The 8 × 4 cell culture array (Figure 1B) served as the intersection point for the cell seeding flow circuit and perfusion culture circuit. Each cell culture chamber consisted of a micro-pillar array, surrounded by fluid perfusion (Figure 1C), and adapted from a prior design (Ong et al., 2017b; Ong et al., 2017a). This design allowed cells introduced from the cell seeding inlet to be physically packed and remodelled into 3D tumour spheroids within the chamber. Additional pillar arrays were incorporated at the inlets of the medium perfusion networks, surrounding the cell culture chamber peripheries, to prevent clogging of cells along the perfusion flow circuit and to ensure uniform flow during perfusion culture. The radius of the culture chambers were set at 250 μm to ensure that the mass transport distance of oxygen and nutrients can support long term perfusion cultures as previously demonstrated (Ong et al., 2017a; Ong et al., 2017b).
The perfusion circuit consisted of 2 inlets (1 drug and 1 diluent inlet) connected to a concentration gradient generator (Figure 1A). Branching channels were added following the established design guide reported by Dertinger et al. (2001) in order to generate a linear gradient across the 8 concentration outputs (Figure 1D). Since the device relied on constant laminar flow to maintain the concentration gradient in the cell culture array, we performed CFD simulation to determine whether the desired concentration gradient can be maintained across the entire cell culture array when operating at a designated perfusion flow rate (Figure 1D). Different mesh scale sizes were investigated (Supplementary Figure S6A) with less 3% difference in simulated flow rates (Supplementary Figure S6B). For the subsequent work, a medium scale was used to save computing time.
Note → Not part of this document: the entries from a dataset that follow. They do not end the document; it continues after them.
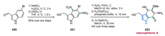Bisindole pyrroles represent a class of MNPs having similar biological activities. The lynamicins F (59) and G (60) were isolated from a marine-derived Streptomyces sp. SCSIO 03032 [84], extending the lynamicin family, of which lynamicins A–E have been isolated back in 2008 (Figure 8) [85]. Unfortunately, no antimicrobial or cytotoxic activities were observed for 59 and 60 against several indicator strains or cancer cell lines. In 2017, the first total synthesis of the antimicrobial lynamicin D (72) was achieved, thereby enabling the implementation of further biological assays (Scheme 5). It turned out that lynamicin D (72) influenced the splicing of pre-mRNAs by upregulating the level of the key kinase SRPK1, which is involved in both constitutive and alternative splicing [86].
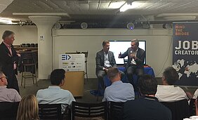 The first day kicked-off with European Innovation Day, which had over 400 attendees and five EIT Digital Accelerator companies including Konux, JUSP, Vaarani, HeiaHeia and Kopjra. The day was filled with inspiring speakers like Julie Hanna, The Presidential Ambassador for Global Entrepreneurship of US Government, and a Silicon Valley icon Larry Sonsini who was involved in the early inception of Apple, Google, and Airbnb. EIT Digital CEO Willem Jonker moderated a panel on Startup creation and Universities entitled “Does the partnership work?” with panelists from UC Berkeley, StanfordX and University of Cambridge.
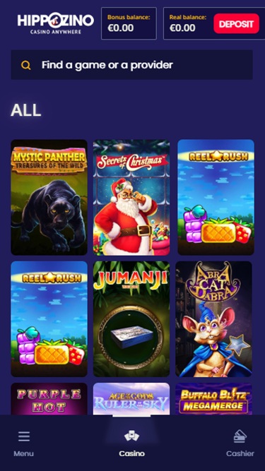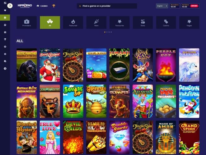 हिप्पोज़िनो कैसीनो Microgaming, Net Entertainment, Playtech, 1x2gaming, Barcrest, Big Time Gaming, ELK Studios, Evolution Gaming, EYECON, lightningboxgames, Play'n GO, Rabcat, Thunderkick, Pragmatic Play, Nolimit City, Red Tiger Gaming, Spinomenal, SYNOT Games, Skywind, Triple Edge Studios, Northern Lights Gaming, Stormcraft Studios, Switch Studios, All41 Studios, Gameburger Studios, Pulse 8 Studios, Slot Factory, Neon Valley Studios, Shuffle Master, SpinPlay Games, Real Dealer Studios, GONG Gaming, On Air Entertainment, Buck Stakes Entertainment, Caleta Gaming, Games Global, Blueprint Gaming, Greentube, Tom Horn Gaming, WMS, Inspired Gaming, SG Interactive, Red7Mobile, CORE Gaming, Scientific Games, Reel Time Gaming, Iron Dog Studio, Old Skool Studios, Foxium, Betdigital, Just For The Win, PearFiction Studios, Wild Streak Gaming, Slingshot Studios, Fortune Factory Studios, Gamevy, Crazy Tooth Studio, Alchemy Gaming, Black Pudding Games, Snowborn Games, Hacksaw Gaming, Gold Coin Studios, Half Pixel Studios, Aurum Signature Studios, Lucksome Gaming, Area Vegas, Wishbone Games, Circular Arrow, HammerTime Games, INO Games, Nailed It! Games, Neko Games, Reel Kingdom and Oros Gaming द्वारा संचालित है, और कैसीनो के खेल एक वेब-आधारित प्लेटफ़ॉर्म के माध्यम से उपलब्ध हैं। जो लोग अपने स्मार्टफ़ोन या टैबलेट पर खेलना चाहते हैं, उनके लिए एक मोबाइल साइट भी उपलब्ध है।
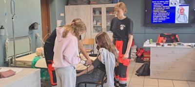 Pierwszy cykl zajęć poświęcony był udzielaniu pierwszej pomocy. Uczniowie poznali podstawowe zasady reagowania w nagłych wypadkach, w tym analizę bezpieczeństwa miejsca zdarzenia, ocenę stanu poszkodowanego, wzywanie pomocy oraz wykonywanie resuscytacji krążeniowo-oddechowej. Warsztaty miały formę praktycznych ćwiczeń, dzięki czemu każdy
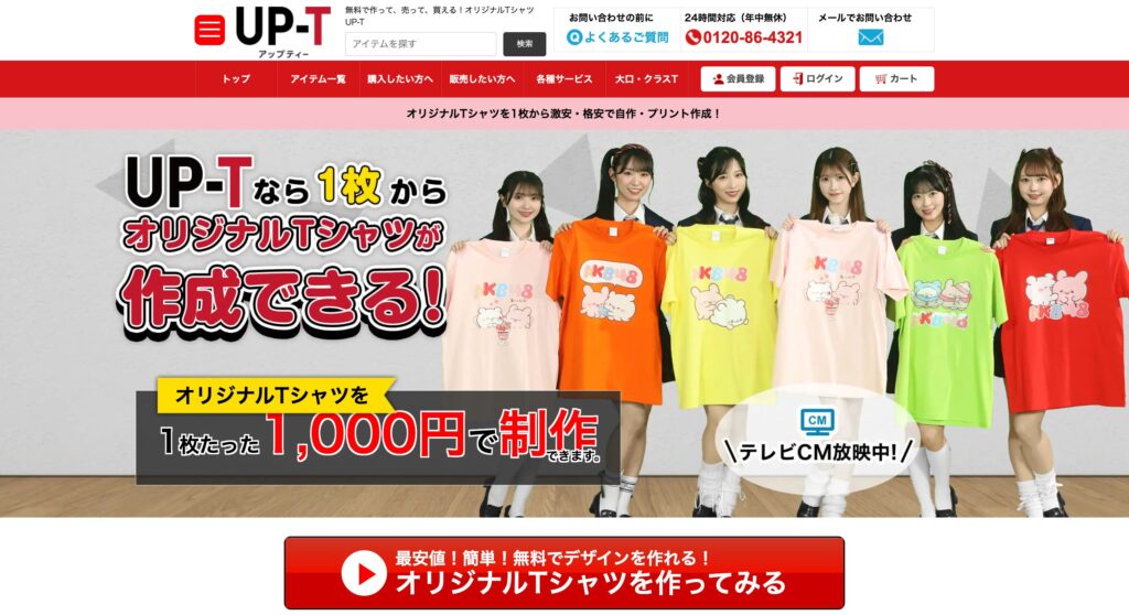 UP-Tは、オリジナルTシャツやグッズを1枚から製作できるプリントサービスです。
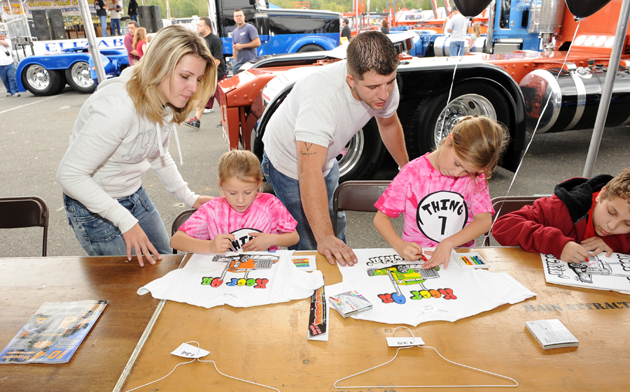 Inside the vast area reserved for ETC, there were a few vendors on display including Merritt, RoadWorks, 10-4 Magazine, Lincoln Chrome and Cool Truck Components. There were also many other vendors, spread throughout the show, outside of the ETC area. Back in the ETC area, Steven Pesce got a kick out of shooting free t-shirts out of a canon and into the outstretched arms of the people in the crowd. ETC also hosted a kid’s t-shirt coloring contest. Some of the parents were more into it than the kids, but it was still great family fun.
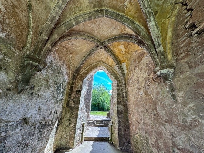 Outside again, I pass through the shadowed corridor where the pointed vaults still hold. The roof above is cracked and weathered, the stonework laced with centuries of lichen and moss. But through the arched opening ahead, the light pours in: a flood of summer brilliance at the threshold. I pause in that half-light, watching the way the priory frames the world beyond it. The ruin doesn’t just sit in the landscape. It speaks to it. The shape of each window and column is echoed in the long curves of the hills behind. The ruin is not ruined. It endures in reflection, in light, in memory.
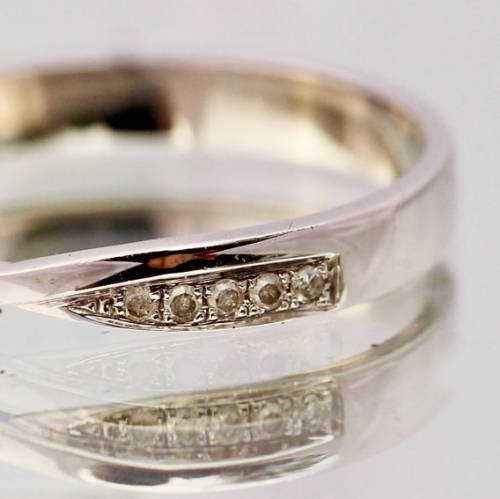 This elegant piece is beautifully crafted in 9ct white gold. The slender polished shank has a twisted feature on the ring head, with the bottom part of the one side of the twist bearing a row of 10 x small, round faceted diamonds claws set in an indented channel that starts on the shoulder of the piece. The mirror image occurs on the other side of the twist. The centre of the twist is narrow and delicate. The pedigree of the 2,5 gram piece is evident in the many hallmarks - the 375 hallmark indicating 9ct gold, the jeweller's signature, the date hallmark for 2016, and the Sheffield Assay mark. The piece also bears the 'DIA' hallmark indicating authenticated diamonds. The piece would make a beautiful wedding band; it is in excellent vintage condition with not even buff marks to speak of its age.
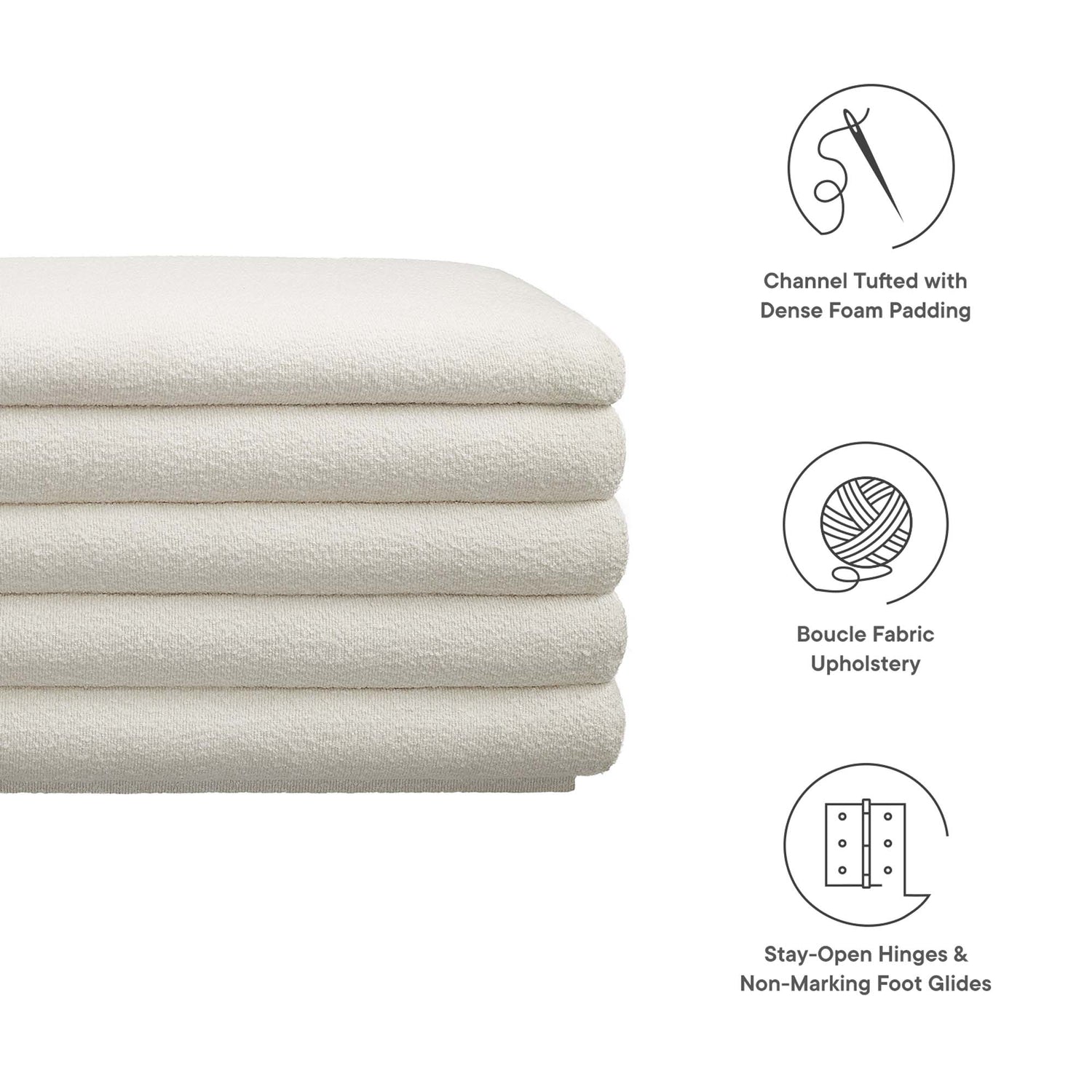 Elevate your home�s comfort and elegance with the Mezzo Boucle Upholstered Storage Ottoman. Padded with dense foam and wrapped in a nubby textured boucle fabric, this storage bench for the living room or bedroom is as practical as it is striking with its plush channel tufted detail. The stay-open hinge adds convenience, revealing a spacious storage area ideal for stowing linens, games, home accents, and more. Perfectly suited as a storage bench for the entryway or as a chic bed bench, Mezzo offers versatile use with its non-marking floor glides to protect your surfaces. Its robust design, coupled with the nubby texture of boucle, makes it a centerpiece in any room. Arriving fully assembled, this bedroom bench saves you time and effort, allowing you to instantly enjoy its splendor and spacious utility. Weight Capacity: 617 lbs.
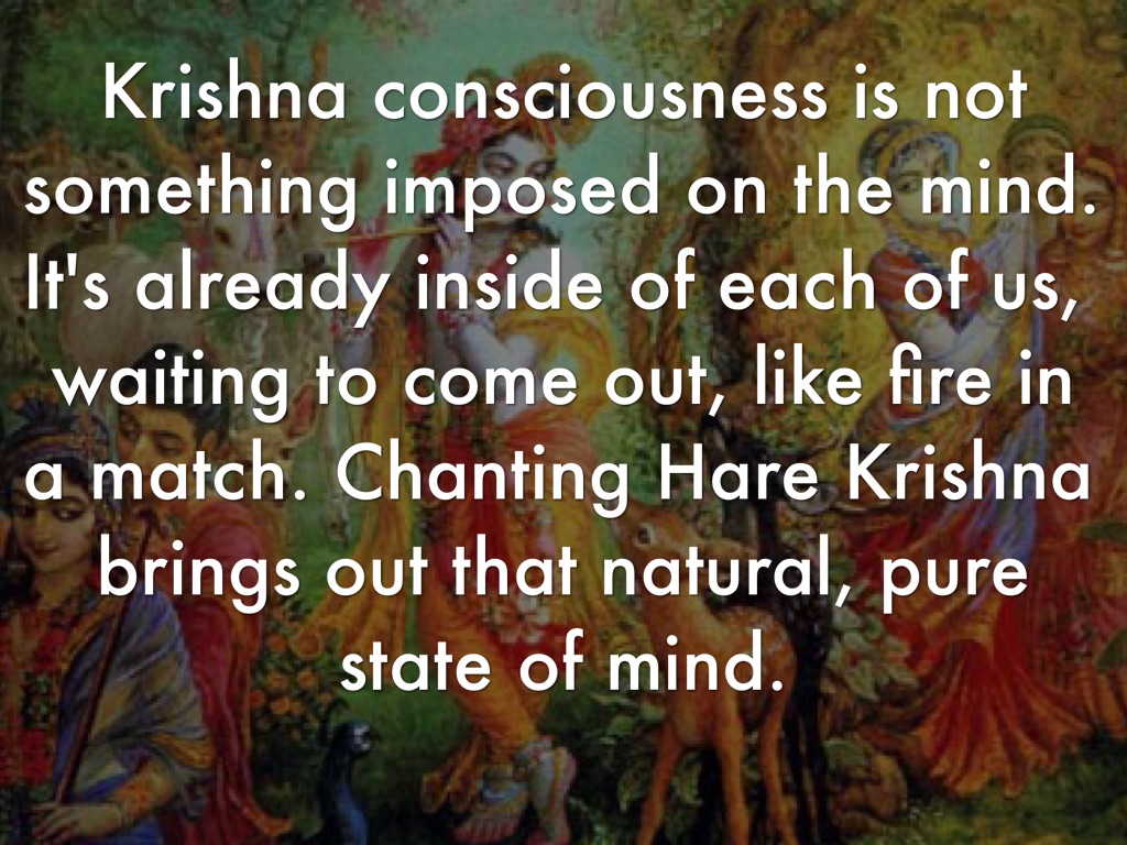Krishna consciousness is not something imposed on the mind. It's already inside of each of us, waiting to come out, like fire in a match. Chanting Hare Krishna brings out that natural, pure state of mind.
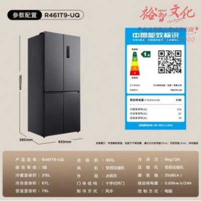 TCL 461升T9十字门超薄平嵌冰箱 58cm超薄嵌入式 宽幅变温杀菌除味双循环一级能效双变频冰箱 R461T9-UQSKU:yzwhyp869130
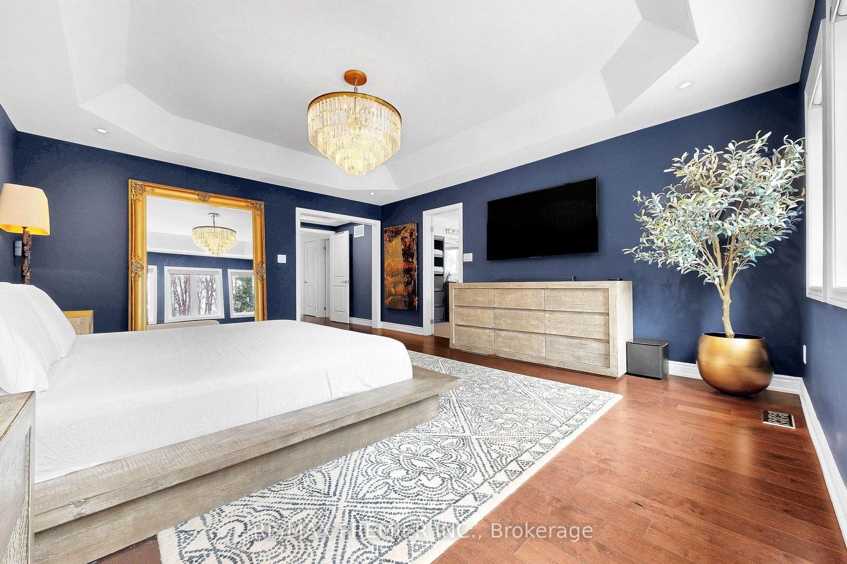 Stunning Luxury Home on a Premium Ravine Lot in Prestigious Cold Creek Estates! Nestled on a quiet, family-friendly street backing onto a breathtaking ravine and lush woodlot, representing one of the most exclusive and substantial lot upgrades in the community - a premium setting that reflects a significant six-figure added value. The main level features expansive principal rooms, a private study, and a designer chef's kitchen equipped with premium Wolf & Sub-Zero appliances,… beverage/wine fridge, and built-in Miele coffee system. Walk out to the upgraded modern deck with glass panels and pot lights - perfect for entertaining. Elegant hardwood floors, Restoration Hardware chandeliers, motorized shades, and a custom designer brick feature wall elevate every space. Upstairs, the luxurious primary retreat offers a spa-inspired ensuite with standalone tub and rain shower. Generously sized bedrooms and a second-floor recreation room with walkout balcony provide comfort and flexibility for the entire family. The fully finished walk-out basement adds incredible versatility, featuring a large recreation area, designer gas fireplace, full chef's kitchen, bedroom/gym, and spa-like bath with steam shower - ideal for extended family or potential income. Step outside to your private resort-style backyard oasis complete with an in-ground pool, spillover spa, waterfall feature, full lighting and cleaning systems, luxury porcelain tile throughout, upgraded fencing and illuminated hedges, interlocking side steps, and extensive outdoor pot lights. Advanced security system with 8 exterior cameras and alarm siren connects directly to mobile. Additional upgrades include a paneled epoxy double garage. Close to Highways 400, 427 & 407, TTC subway, GO Train, Vaughan Mills, Canada's Wonderland, hospital, banks, restaurants, Walmart & Home Depot. Upgraded top to bottom with exceptional craftsmanship - true pride of ownership throughout.

We observed that there was a linear decrease in steady state mass fraction (concentration) across every row of cell culture chambers, although the concentration within each chamber could be Figure 1E kept constant (Figure 1E). We then experimentally verified the concentration gradient of a fluorescent probe across a row of cell culture chambers in the IMITA device (Figure 1F). The concentration gradient across each row showed a linear drop in concentration by a factor of 0.1429 with Cn = (1-(n-1)/7) x C0 (with n starting from 1 to 8, representing the output rows); across each row of output (R 2 = 0.9863) and concurred with our simulation results. By changing the inlet drug concentration, C0, we were able to modify the range of drug concentrations. Our subsequent drug dose response study examined the ML drug dose response with 8 drug concentrations with C0 = 500 μM (C1–8 = 500, 378.60, 375.10, 285.70, 214.30, 142.85, 71.40, and 0.00 μM respectively) for all drugs.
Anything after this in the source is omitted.